Damit der Übergang nicht ganz so schwer fällt, hatte der DFB unter freundlicher Mithilfe des MDR ein Spiel für den Auftakt organisiert, das es vor einem reichlichen Jahr schon als abschließende Partie in der Regionalliga 2011/2012 gab. Damals wie gestern mit ausverkauftem Haus. Gestern allerdings unter veränderten Vorzeichen, denn für RB Leipzig ging es diesmal um etwas (damals konnte man gar nichts dagegen tun, dem HFC beim Feiern des Aufstiegs zuzugucken), nämlich um Punkte und einen guten Drittligastart.
Vor der Partie konnte man annehmen, dass viele Tore nicht fallen würden. Bisher hatten beide Mannschaften zusammen in vier Aufeinandertreffen gerade dreimal treffen können. Und auch gestern kam nur ein Treffer dazu. Was diesmal aber nicht an überragenden Abwehrreihen, sondern an beidseitiger Ungenauigkeit beim Abschluss und an zwei guten Keepern lag. Coltorti mit gewohnter Stärke im Eins-gegen-Eins. Und Kisiel mit schon in der letzten Saison in der Regionalliga mit dem BAK gezeigter überragender Klasse auf der Linie.
Letztlich konnte es gar nicht anders kommen, als dass ausgerechnet Daniel Frahn in seinem ersten Pflichtspiel nach der Verletzungspause am Ende der vergangenen Saison, die ihn auch die Relegationsspiele kostete, den Siegtreffer erzielte. In drei Jahren RB Leipzig hatte er 62 Tore in Regionalligaspielen geschossen. Reichlich 20 pro Saison also. Und beim Halleschen FC eröffnete er den diesjährigen Drittligatorreigen und schoss gleichzeitig das erste Drittligator für RB Leipzig. Nichts hätte passender sein können, als dass das herausragende Spielergesicht des Vereins auf diese Art den Willkommensgruß an die dritte Liga sendet. Es war ein großartiges Tor, in dem seine ganze Klasse aufblitze. Schön in den freien Raum gelaufen und von Dominik Kaiser perfekt eingesetzt, tunnelt er erst Gegenspieler Lachheb, um den Ball dann von halbrechts mit links perfekt in den Winkel zu schlenzen. Ein tolles Tor, in dem sich an diesem Tag vielleicht der entscheidende Unterschied zwischen Halle und RB manifestierte.
Denn zu Beginn des Spiels und vor allem in den ersten 10 Minuten war der Hallesche FC das gefährlichere Team. Der robuste und auch schnelle Pierre Merkel beschäftigte die Abwehr von RB Leipzig mehr als ausreichend und hätte noch in der ersten Minute die Hausherren in Führung schießen können, wenn er denn nicht nach einem langen Ball zu überhastet abgeschlossen hätte. Dass sich RB Leipzig in dieser Situation nach Ausführen der schon bekannten Anstoßvariante, bei der alle großgewachsenen Spieler nach vorne rennen und vom Anstoß weg ein langer Ball auf sie geschlagen wird, auskontern lässt, war allerdings weit entfernt von gut verteidigt bzw. clever gespielt.

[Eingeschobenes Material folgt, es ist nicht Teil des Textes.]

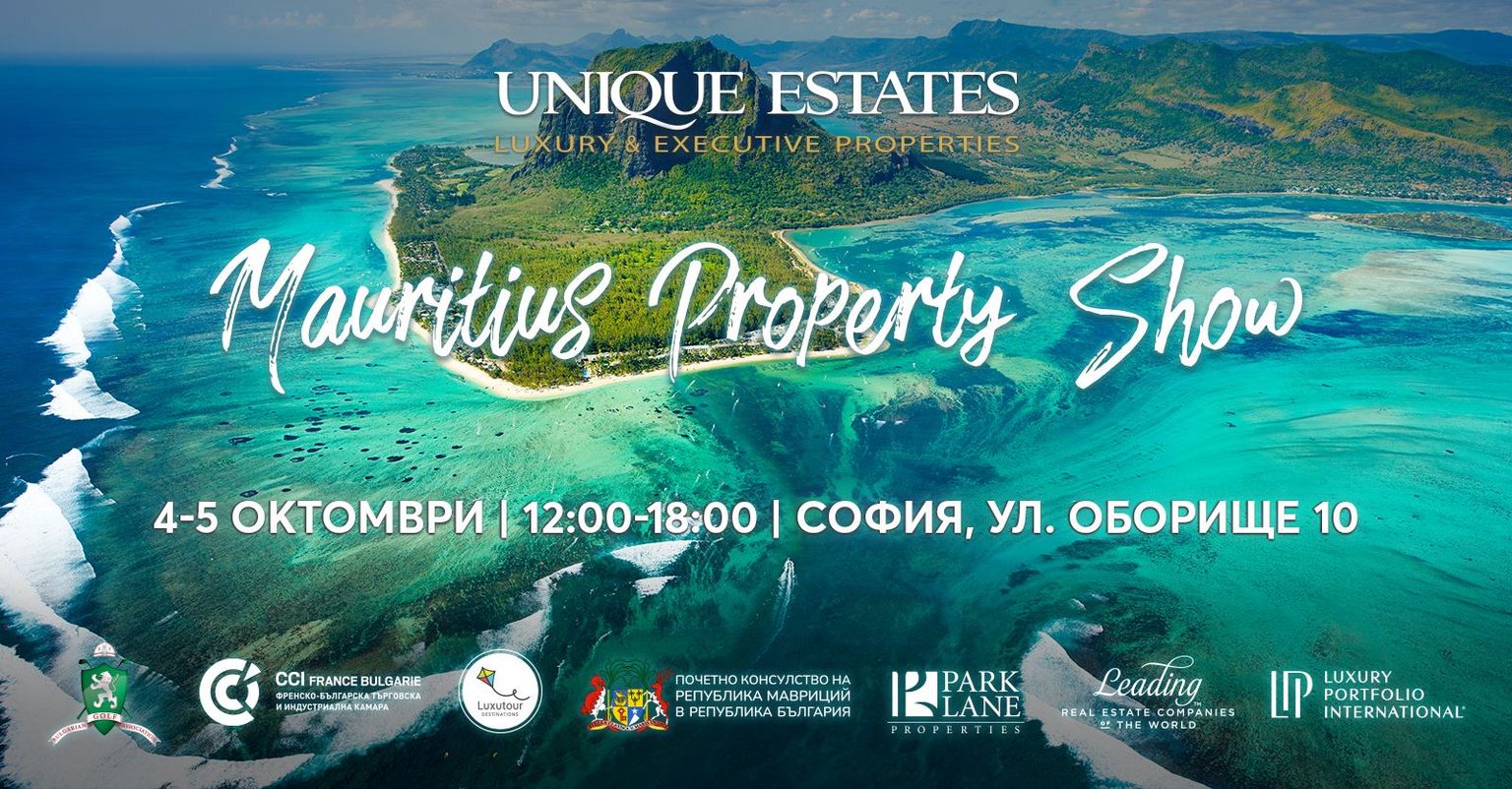 The Mauritius Property Show is held under the patronage of the Honorary Consulate of the Republic of Mauritius in Bulgaria. Special partners of the event include Luxutour, a travel agency for exotic holidays and excursions, the Bulgarian Golf Association, and the French-Bulgarian Chamber of Commerce and Industry.

Nach 10 Minuten fand dann RB Leipzig immer besser in die Partie und konnte mit dem hohen Angreifen Wirkung erzielen, auch wenn man immer wieder sah, wie anfällig die Verteidigung ist, wenn der Gegner die ersten Pressingwellen überspielt und dann plötzlich Räume auf den Flügeln bekommt. Wird spannend sein, ob man hier im Verlauf der Saison das offensive Verteidigungsverhalten, bei dem man sehr genau die Gegenspieler markieren und Passwege zumachen muss, noch verbessern kann.

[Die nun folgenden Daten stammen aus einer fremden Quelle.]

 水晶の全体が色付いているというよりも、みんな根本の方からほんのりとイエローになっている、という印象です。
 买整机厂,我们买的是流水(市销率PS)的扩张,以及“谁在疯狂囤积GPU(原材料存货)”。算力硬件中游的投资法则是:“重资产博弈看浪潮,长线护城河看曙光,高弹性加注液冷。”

Das 4-3-1-2, das eher mit zwei Achtern und einem Sechser denn mit drei Sechsern gespielt wird und dazu noch zwei hoch agierende Außenverteidiger vorsieht, ist gewissermaßen auch extrem anfällig für Konter über den Flügel, bei denen dann ein Innenverteiger mit nach draußen gezogen wird und in der Abwehrzentrale dadurch Räume entstehen. Halle nutzte diese Räume in den ersten 20 Minuten recht gut, ohne im Anschluss an die Auftaktchance extrem gefährlich zu werden. Andere Teams hätten daraus vielleicht besser Nutzen ziehen können.
Nach dem Führungstreffer durch Daniel Frahn für RB Leipzig kam in der ersten Halbzeit nicht mehr viel vom HFC. Die RasenBallsportler hatten ihre Gegenspieler nun pressenderweise im Griff und was doch durchkam fischte die Abwehrviererkette und insbesondere die Inneverteidigung weg. Und nach vorne fuhr man einige im Ansatz gute Angriffe, mit denen man sich immer wieder gefährliche Situationen erarbeitete, ohne letztlich das Kisiel-Tor ernsthaft in Gefahr bringen zu können.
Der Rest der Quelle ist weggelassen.